« Vingt ans : c’est en moyenne l’espérance de vie perdue par les sujets ayant une dépendance à l’alcool », a rappelé le Pr Pascal Perney. « Les malades d’alcool ont un aspect physique fatigué, des compétences réduites lors des tests cognitifs et, à l’IRM, une atrophie cortico-sous-corticale, toutefois réversible, visible dès l’âge de 40 ans. »
Les conséquences délétères à court terme concernent toutes les sphères de la vie quotidienne, familiale, professionnelle, sociale. L’alcool est à l’origine de 60 % des noyades et des brûlures, et se trouve impliqué dans 40 % des suicides et des accidents mortels. À long terme, il est la cause directe de plus de 60 maladies et contribue au développement de quelque 200 affections.
Identifier les coaddictions
La consommation excessive d’alcool est souvent associée à d’autres addictions : tabagisme dans 90 % des cas, cannabis dans 20 % des cas.
Ces chiffres soulignent l’importance du dépistage systématique de l’abus et de la dépendance à l’alcool et ce, dès le plus jeune âge.
Le médecin généraliste est en première ligne. La consommation d’alcool est évaluée en « verres standard » ; elle est considérée comme excessive si elle est› 21 verres/semaine chez l’homme et› 14 verres/semaine chez la femme, ou en cas de consommation de plus de 5 verres en moins de 2 heures lors d’une seule occasion.
« Plus un sujet boit une grande quantité d’alcool en un laps de temps court, plus il est à risque de comportement violent et de dépendance », a souligné le Pr Perney.
Le médecin généraliste, légitime pour parler d’alcool
Le repérage d’une consommation à risque devrait idéalement être effectué une fois par an. Les patients n’en parlent pas spontanément à leur médecin (7 % des cas seulement), mais les enquêtes montrent qu’ils le considèrent comme légitime pour parler d’alcool. Les conseils donnés par les médecins sont volontiers acceptés et les patients déclarent bien souvent être soulagés que ce problème ait été abordé en consultation.
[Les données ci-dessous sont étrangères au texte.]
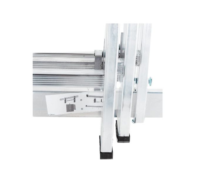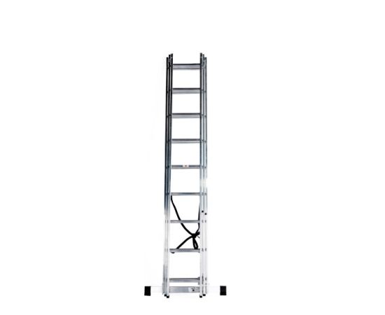 Алюминиевая трехсекционная лестница Сибртех 97819 состоит из 3-х секций по 9 ступеней каждая. Она предназначена для использования преимущественно на открытом воздухе и в помещениях с высокими потолками, подойдет также для работников коммунальных служб и строителей. Лестница поможет провести отделочные, монтажные работы, будет полезна на складе. Преимущества: Надежность и долговечность — рама изготовлена из прессованного алюминиевого профиля прямоугольного сечения, весит намного меньше стальных аналогов, при этом обладает прочностью и коррозионной стойкостью. Допустимая нагрузка 150 кг — лестница способна выдержать вес практически любого пользователя. Многофункциональность — лестница может использоваться в 3-х различных вариациях — в качестве стремянки (с двумя расставленными и одной выдвинутой вверх секцией), двухсторонней стремянки (две секции расставлены, третья демонтирована) и приставной лестницы. Пластиковые заглушки — края профиля не царапают напольное покрытие независимо от выбранного положения лестницы. Устойчивость — лестница оснащена съемным стабилизатором, выравнивающим ее положение на горизонтальных поверхностях. Безопасная эксплуатация — на ступени нанесено антискользящее покрытие, имеется ограничитель по максимальной высоте. Простое применение — сборка, разборка и смена рабочих положений не занимает много времени. Компактное хранение и удобная транспортировка — в сложенном виде лестница не занимает много места.

L’Audit-C est un questionnaire très utile pour détecter rapidement les sujets à risque de dépendance à l’alcool. Il comporte trois questions : nombre de fois par mois ou semaine où le sujet consomme de l’alcool ; nombre de verres absorbés les jours où il boit ; nombre de fois par mois ou semaine où le sujet boit plus de 6 verres standard en une occasion. Il peut être pratiqué très simplement et rapidement en consultation.
Le simple fait d’aborder le sujet en consultation permet déjà à certains patients de prendre conscience du caractère excessif de leur consommation et les pousse parfois à la réduire. Une intervention motivationnelle – analyse des préoccupations du patient, inquiétudes sur son état de santé et son lien avec l’alcool… – est réalisée par le médecin généraliste.
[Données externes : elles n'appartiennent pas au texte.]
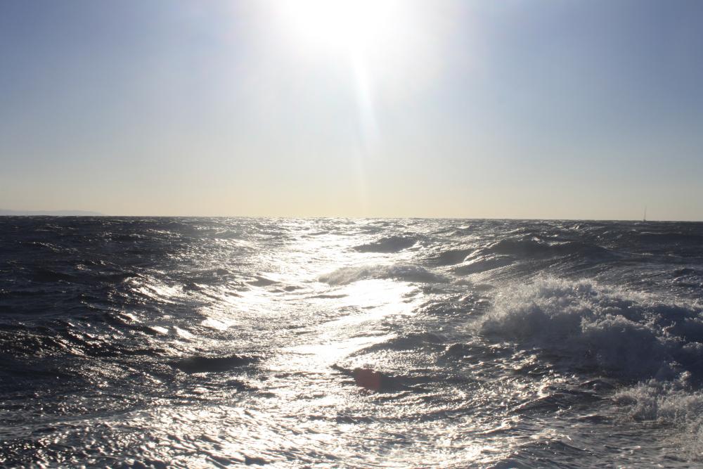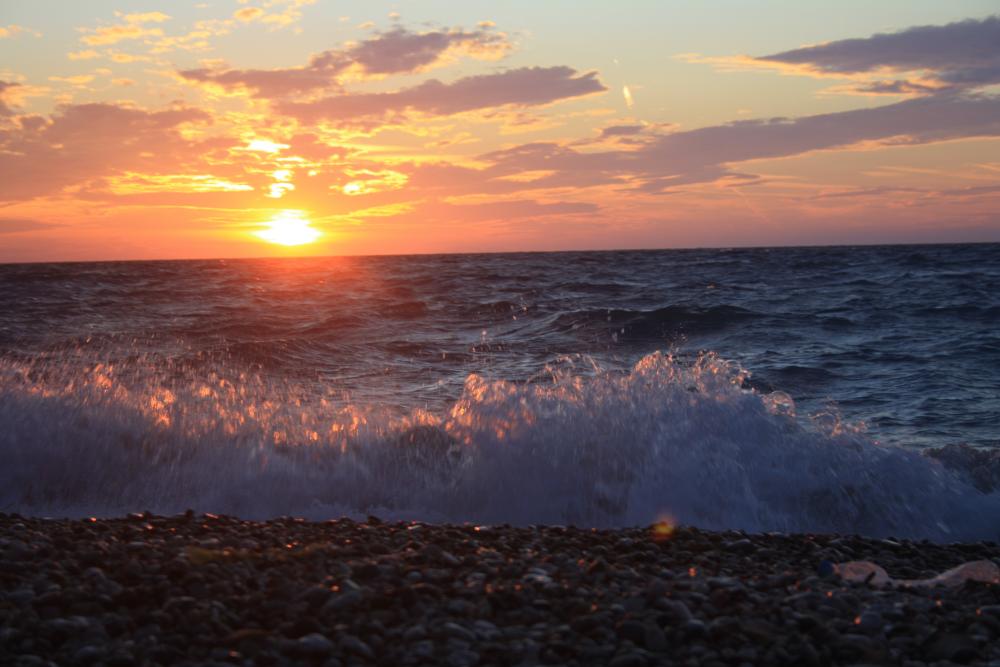 Что интересно , вода на эгейском море никогда не была спокойная, всегда били огромные волны. Побережье галька – а вот вода зато изумительной красоты. Я первый раз видела подобное , вода у побережья ( примерно 5-8 метров) была светло зеленая или голубая, а дальше темно синяя, как буд-то её четко порезали на куски .
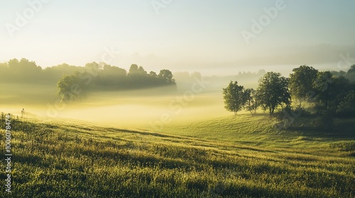 Misty Morning Landscape with Gentle Hills and Trees

Réduire la consommation, un objectif reconnu
La prise en charge peut se fonder sur la réduction de la consommation ou sur le sevrage total. La réduction est aujourd’hui un objectif reconnu. En effet, il est établi que la relation entre le risque de décès et la consommation suit une courbe quasi exponentielle. Et, chez un gros buveur, passer de 12 à 8 verres par jour aura un impact très marqué sur le risque de décès.
Si l’abstinence reste l’objectif idéal à long terme, le choix entre réduction et arrêt total doit se faire selon les préférences du patient. Les études montrent que la moitié d’entre eux optent pour une réduction et l’autre moitié pour une abstinence.
Le patient doit être soutenu par le médecin avec, par exemple, la tenue d’un agenda de consommation, la valorisation des réussites et des petits succès, la recherche de stratégies concrètes pour résoudre les difficultés…
Si cela ne suffit pas à aider le patient à réduire sa consommation pendant une quinzaine de jours, un médicament d’appoint peut être proposé : nalméfène en première intention, baclofène en deuxième intention, en respectant la posologie, les modalités d’administration et les contre-indications.
Si l’objectif fixé est l’abstinence, un médicament d’aide au maintien de cette dernière est prescrit dès l’obtention du sevrage : acamprosate ou naltrexone en première intention ; baclofène ou disulfirame en deuxième intention, là encore en respectant les modalités d’utilisation.